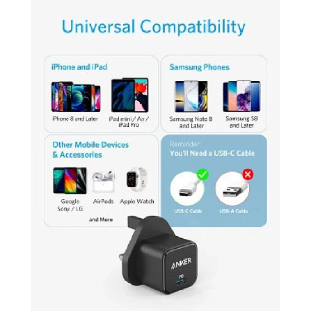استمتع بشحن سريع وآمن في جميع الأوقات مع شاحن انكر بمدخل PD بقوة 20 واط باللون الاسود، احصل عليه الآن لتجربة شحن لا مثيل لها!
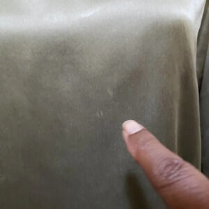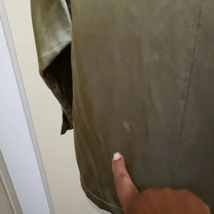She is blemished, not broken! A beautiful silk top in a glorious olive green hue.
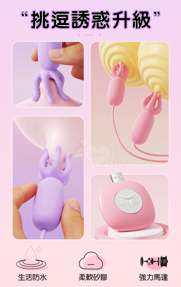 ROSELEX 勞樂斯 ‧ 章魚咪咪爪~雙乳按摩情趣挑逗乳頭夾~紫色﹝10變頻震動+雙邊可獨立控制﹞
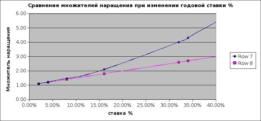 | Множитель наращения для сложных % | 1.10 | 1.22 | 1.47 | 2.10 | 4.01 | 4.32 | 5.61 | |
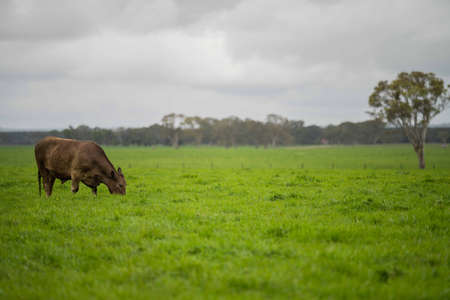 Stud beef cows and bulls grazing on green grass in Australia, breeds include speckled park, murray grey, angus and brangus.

◆ ◆ ◆ ◆ ◆

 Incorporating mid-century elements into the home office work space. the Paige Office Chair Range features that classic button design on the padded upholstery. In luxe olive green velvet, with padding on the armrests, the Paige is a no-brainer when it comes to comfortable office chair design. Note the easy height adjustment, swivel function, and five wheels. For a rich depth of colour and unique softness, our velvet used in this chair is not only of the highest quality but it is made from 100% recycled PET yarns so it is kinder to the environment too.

◆ ◆ ◆ ◆ ◆

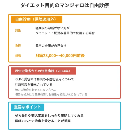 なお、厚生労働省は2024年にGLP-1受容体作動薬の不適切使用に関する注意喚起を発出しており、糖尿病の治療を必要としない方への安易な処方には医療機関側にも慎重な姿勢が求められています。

◆ ◆ ◆ ◆ ◆

- [How to complete this task]:
Copy nothing but the lines above from the one with "She is blemished, not" to the one with "Stud beef cows", inclusive, word for word. Leave every picture out.

- [Response area]:
She is blemished, not broken! A beautiful silk top in a glorious olive green hue.
 ROSELEX 勞樂斯 ‧ 章魚咪咪爪~雙乳按摩情趣挑逗乳頭夾~紫色﹝10變頻震動+雙邊可獨立控制﹞
 | Множитель наращения для сложных % | 1.10 | 1.22 | 1.47 | 2.10 | 4.01 | 4.32 | 5.61 | |
 Stud beef cows and bulls grazing on green grass in Australia, breeds include speckled park, murray grey, angus and brangus.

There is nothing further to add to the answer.